In assessing the overall economic implications of membership, the White Paper states that in the light of the growing strength of the economy and given equitable transitional terms, it is reasonable to conclude that membership would give a strong impetus to production and exports from the agricultural and industrial point of view and hence to the growth of the economy. The opportunities for maintaining a satisfactory rate of economic growth would be greatly reduced if we remained outside an enlarged Community which included Britain.

In my statement to Dáil Éireann in July, 1967, on the reactivating of our application for membership, I adverted to a suggestion that our relationship with the enlarged Community should take the form of association rather than membership and pointed out the shortcomings of this kind of link as compared with membership. As the question may be raised again, I think I should take this opportunity of restating the Government's views on the matter.

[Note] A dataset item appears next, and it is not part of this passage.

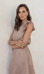 MJ is wearing a Size S. She usually wears a size AU8, is 173cm (5’7”) tall, with an 86cm bust (33.8”), 64cm (25.1”) waist & 89cm (35”) hips.

The Community's attitude is that a European country should not be granted associate status in place of membership unless it is economically undeveloped or is unable because of its international relations to become a full member. Neither of these obstacles applies in our case. The Commission in its Opinion of October, 1969, on enlargement refers to the applicant countries, including Ireland, as having achieved a level of development comparable with that of the six member States. There are no political obstacles to our acceptance of the obligations of full membership.

If we were, nevertheless, to seek associate status the question must be asked what form of association would be of value to us assuming, of course, that the Community would be prepared to give us such status and bearing in mind that the United Kingdom would be a member of the enlarged EEC? A trading arrangement would not be of any real value: under the GATT any tariff or trading concession given us under such an arrangement would have to be extended by the enlarged Community to all GATT countries and, therefore, the content of any such arrangement would be very meagre. Almost all of our exports would remain subject to the common customs tariff on import into the enlarged Community including the United Kingdom, as well as to the levy restrictions applied to agricultural imports under the common agricultural policy. These levies have had disastrous effects on our agricultural export trade with the Six. What would be the effect on this country's economy if the same were to happen to our agricultural trade with Britain?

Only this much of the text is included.